この品は、能に使われる目的で作られた物ではないと思います。

まず、あまりに不気味すぎます。典型的な能では、前半にいわくありげな女や老人が登場し、後半では、怨霊、幽霊、神などに変身します。その落差が大きくないと劇になりません。ですから、前半に登場するシテの面は、怪しさを秘めながらも、品格をもった人間の様相でなければなりません。ところがこの面は、異形の相貌です。

また、裏側の彫りは、能面以外の一般的な面に共通した彫り方です。能役者は能面を付けて謡い、舞います。この時、演じ手には違和感なく、演じ手と一体になる面が良い能面です。そのために、能面作者は、裏側も大変力をいれて彫り上げます。結果、裏面も、独立した面のように仕上がっているのです。また、大きさは標準的ですが、能面としては重すぎます。

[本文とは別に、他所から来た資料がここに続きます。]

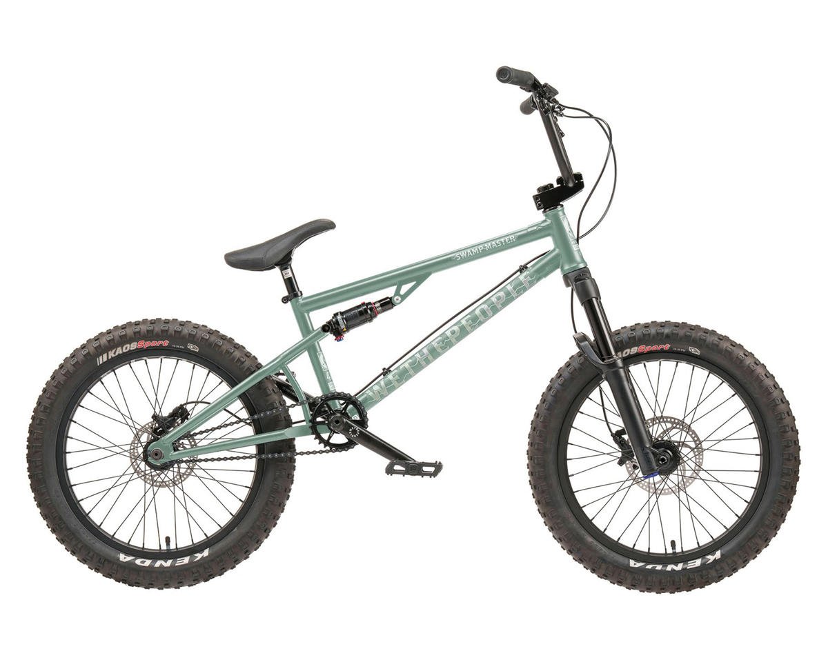 A whole new world of fun, the SWAMP MASTER is the first full suspension complete BMX bike. Inspired by the world of downhill mountain biking, mixed with classic BMX roots and fun, this bike is unique to say the least. Engineered in Cologne, Germany, the SWAMP MASTER is designed for serious downhill shredding whilst gaining the movement and freedom that a BMX bike offers. Spec’d with a mixture of our own aftermarket BMX components and genuine MTB parts from Kenda and Manitou, the SWAMP MASTER is the first production complete bike of its kind and is set to revolutionize a new chapter in BMX and MTB fusion.
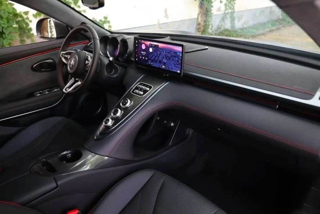新車的內(nèi)飾通過大面積的黑色來與外觀相呼應(yīng),并且通過紅色的縫線進行點綴,進一步提升視覺效果。三圓形的儀表盤同樣有著較強的復古風,中間位置一塊懸浮式的中控大屏則將實用拉滿。
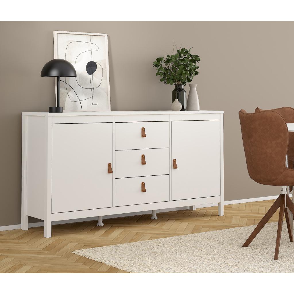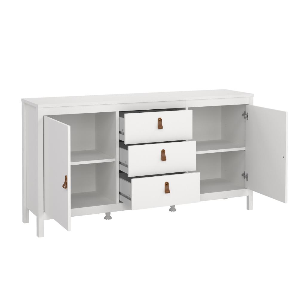 Rebajas Oferta Novedad Aparador en blanco Ref: 139900000183 229,99 € Sencillo aparador en blanco, dos puertas y tres cajones.Composición: Tablero de partículas, tablero de fibras, lámina de papel, borde de plástico. Disponibilidad: Color Blanco Tamaño 151.4x79.7x38.4 Ancho x Alto x Fondo Cantidad

それはさておき、今回の品は、生霊の面としてはよくできています。

どこから見ても不気味です。

光の当たり具合によっても見え方が変わります。

おまけに、偶然か意図的かはわかりませんが、額には亀裂が走っています。

故玩館には100枚ほど、内外の面がありますが、たいていの面は、どこか愛嬌があるものです。